Gwalchmai, however, knew himself to be a man now and was having none of it. “Gareth, is it true what they’re saying?”
Gareth scoffed under his breath. They should have known better than to keep anything from Gwalchmai. Given his incredible voice, perhaps it wasn’t surprising that he could hear around corners too. “Probably not. What are they saying?”
“That a member of the town council is dead, and a girl’s body was found in the river?”
Gareth glanced at Tangwen, but if his daughter was listening, she gave no sign that she was disturbed. Thus, Gareth spoke normally, so she would continue to think nothing
was amiss. “Yes, I’m afraid that’s true.” He reached into his coat and pulled out the sketch he’d drawn of the girl’s face, along with the one of Conall. “See for yourself.”
Gwalchmai took both images to study. The two men at the other end of the table had looked up at Gwalchmai’s question. Deciding it would do no good to whisper when their ears were already perked, Gareth gestured to Gwalchmai that he should pass the sketches down the table. “Do you recognize either of these people? The girl had light brown hair, and the man’s hair was red, if that helps. We know he was Irish too.”

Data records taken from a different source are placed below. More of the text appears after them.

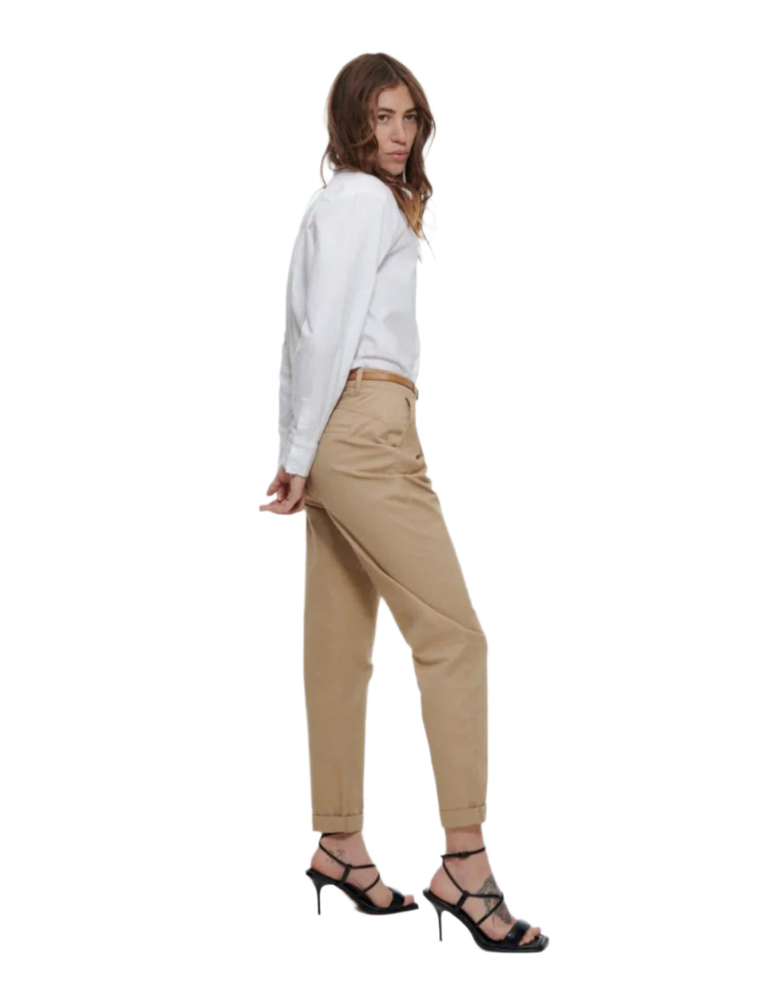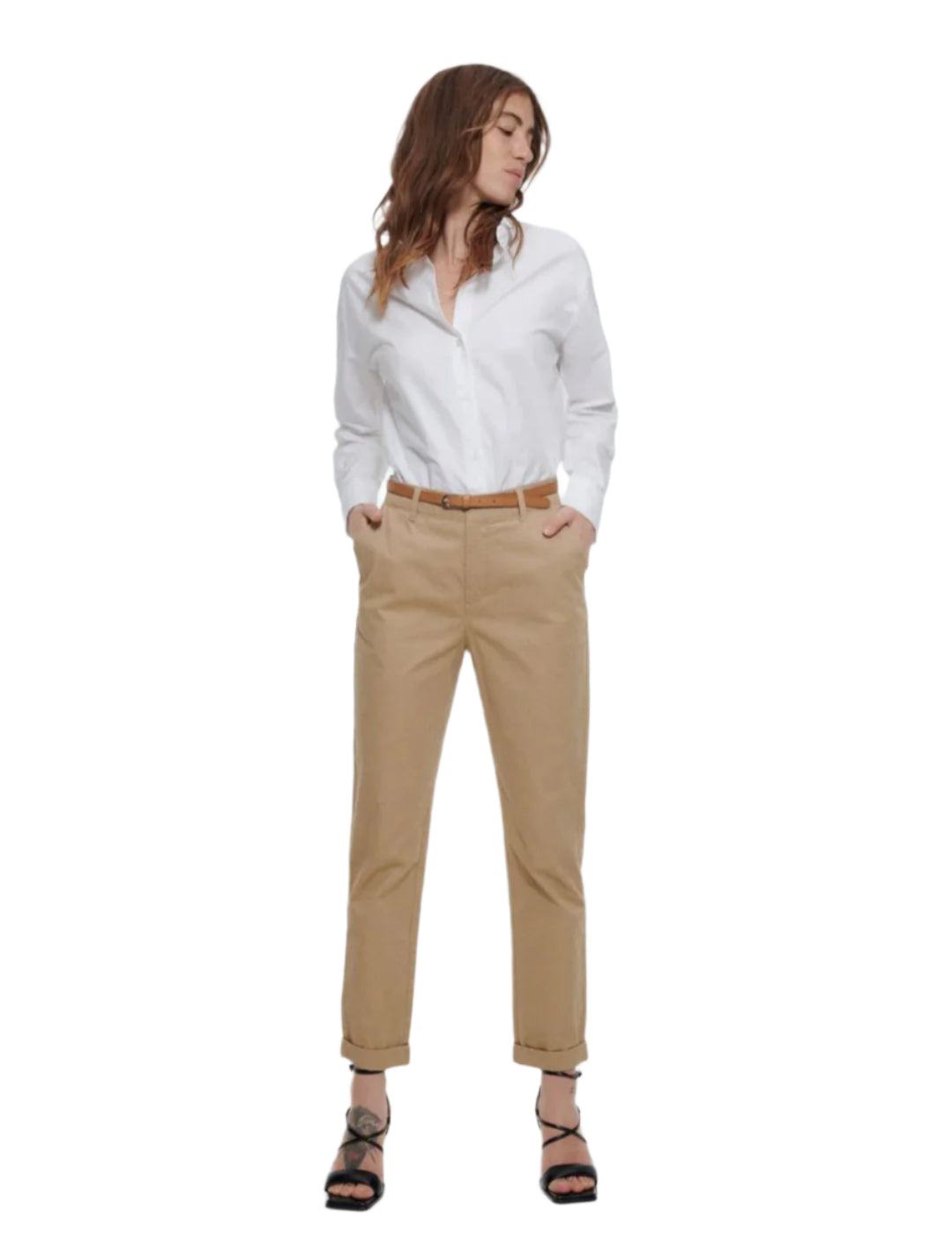 Címke nélküli, női chino nadrág, bézs színű, magas derekú, slim fit fazon, hajtott szárvégekkel, övbújtatós kialakítással, elegáns és kényelmes viselet irodai vagy hétköznapi megjelenéshez.
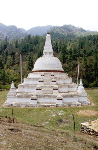 (画像サイズは46.1KB) これはブラックマウンテンと呼ばれる山々を横切るペレラ峠(3,350m)を越えて40分ぐらい車で走ったところにあるチェンデブジ・チョルテン(仏塔)です。この仏塔はこの国では珍しいネパール様式の本格的なもので、上の覆鉢の上に目玉が2つこちらを向いています。(1986.04.20) |
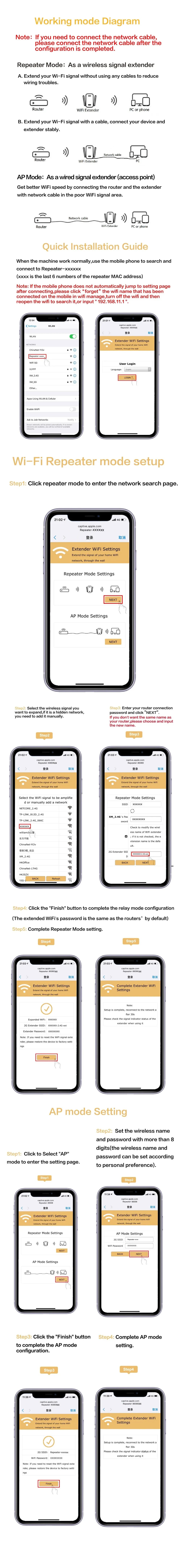 1. Cuando el transmisor esté enchufado y en uso, busque Repeater-XXXXXX en la red wifi del teléfono móvil o la computadora y, después de hacer clic en la conexión, saltará automáticamente a la página de configuración (Nota: si la interfaz de salto no aparece después de hacer clic en la conexión en el teléfono móvil, haga clic en "Ignorar esta red" y luego vuelva a encender la red wifi para volver a conectarse a la red wifi. Si esta operación aún no funciona, puede ingresar manualmente la URL "192.168.11.1" en el navegador).
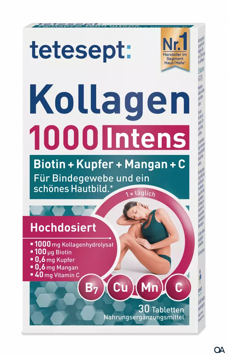 Kollagen ist das wichtigste Strukturprotein der Haut. Es befindet sich vor allem im Bindegewebe. Kollagen wird täglich neu gebildet, wobei die Fähigkeit der Haut zur Kollagenproduktion schon ab 30 Jahren stetig abnimmt. Eine regelmäßige Zufuhr von Vitaminen und Mineralstoffen kann helfen, die Haut von innen zu unterstützen. tetesept Kollagen 1000 Intens kombiniert 1000mg Kollagen mit essentiellen Vitaminen und Mineralstoffen für die Haut und das Bindegewebe.
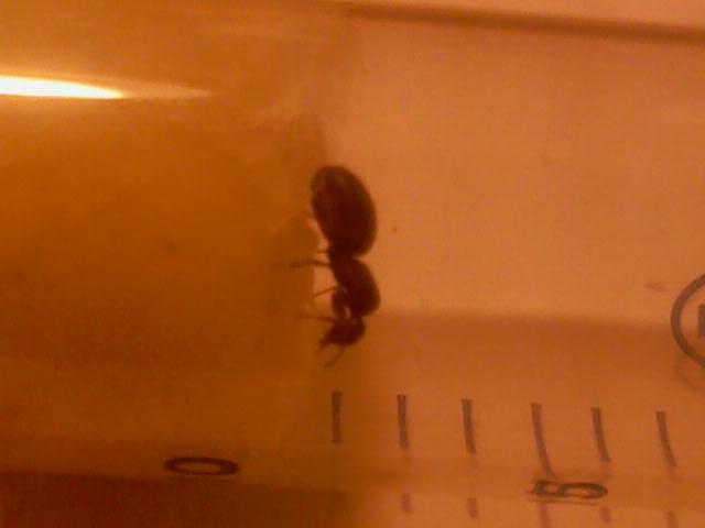 Итак, матка сидит возле капли сиропа, но не в шприце с влажной ваткой. Обнаружил два яйца, там же возле сиропа. На момент подглядывания присасывалась к нему.
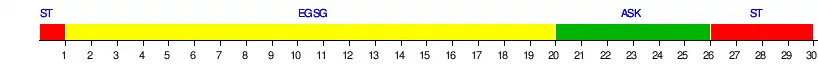 | ST | 16 | 15 | 14 | 14 | 15 | 13 | 13 | 14 | 14 | 14 | 14 | 15 | 14 | 14 | 14 | 14 | 14 | 14 | 14 | 14 | 14 | 14 | 14 | 15 | 16 | 15 | 16 | 16 | 16 | 16 | 28 | |
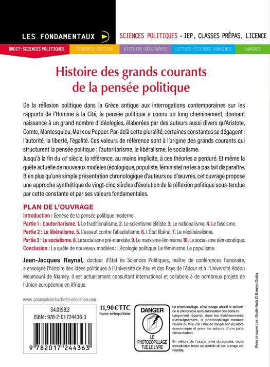De la réflexion politique dans la Grèce antique aux interrogations contemporaines sur les rapports de l’Homme à la Cité, la pensée politique a connu un long cheminement, donnant naissance à un grand nombre d’idéologies, élaborées par des auteurs aussi divers qu’Aristote, Comte, Montesquieu, Marx ou Popper. Par-delà cette pluralité, certaines constantes se dégagent : l’autorité, la liberté, l’égalité. Ces valeurs de référence sont à l’origine des grands courants qui structurent la pensée politique : l’autoritarisme, le libéralisme, le socialisme. Jusqu’à la fin du XXe siècle, la référence, au moins implicite, à ces théories a perduré. Et même la quête actuelle de nouveaux modèles (écologique, populiste, féministe) ne les a pas fait disparaître.
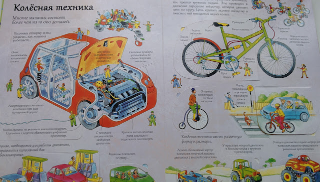 Это, пожалуй, наша самая любимая книга в серии. Очень интересная тема, к тому же большое разнообразие! Можно узнать, как работает машина, кран, пианино, унитаз и куча другой техники и приспособлений! Для мальчиков просто маст-хэв!

“You don’t say?” Flann took the sketches from Gwalchmai. “They’re both dead?”
“Only the girl,” Gareth said. “The man is missing.”
Flann frowned and looked closer. His companion bent nearer too, and some kind of look passed between them before Will sat back in his seat and Flann half-stood, shaking his head, to hand the pictures back to Gareth.
“You don’t know them?” Gareth had been sure there for a moment that he’d seen recognition in Flann’s eyes.
“No, no, of course not. You don’t know their names?”
“The man is named Conall,” Gareth said. “The girl’s is unknown.”
Again, a look that Gareth couldn’t interpret passed between the man and his companion, but then Flann made a dismissive motion with his head and said, “We live in troubled times.”
“We do, sir.” Gareth didn’t mention that he was assisting the Deputy Sheriff in his inquiries, though the fact that he had sketches of the two people in question should have given it away. Gareth might believe that Flann had never been to Ireland. He might even find the fact that he didn’t know Conall or the girl credible, but his presence in Shrewsbury as another Irishman when there weren’t that many around, begged for questions.
Which fortunately, Gwen wasn’t afraid to ask. “What brings you to Shrewsbury? You’re a long way from Oxfordshire here.”
Flann had started in again on his vegetables. He stabbed a turnip and held it before his lips as he spoke. “We’re merchants.”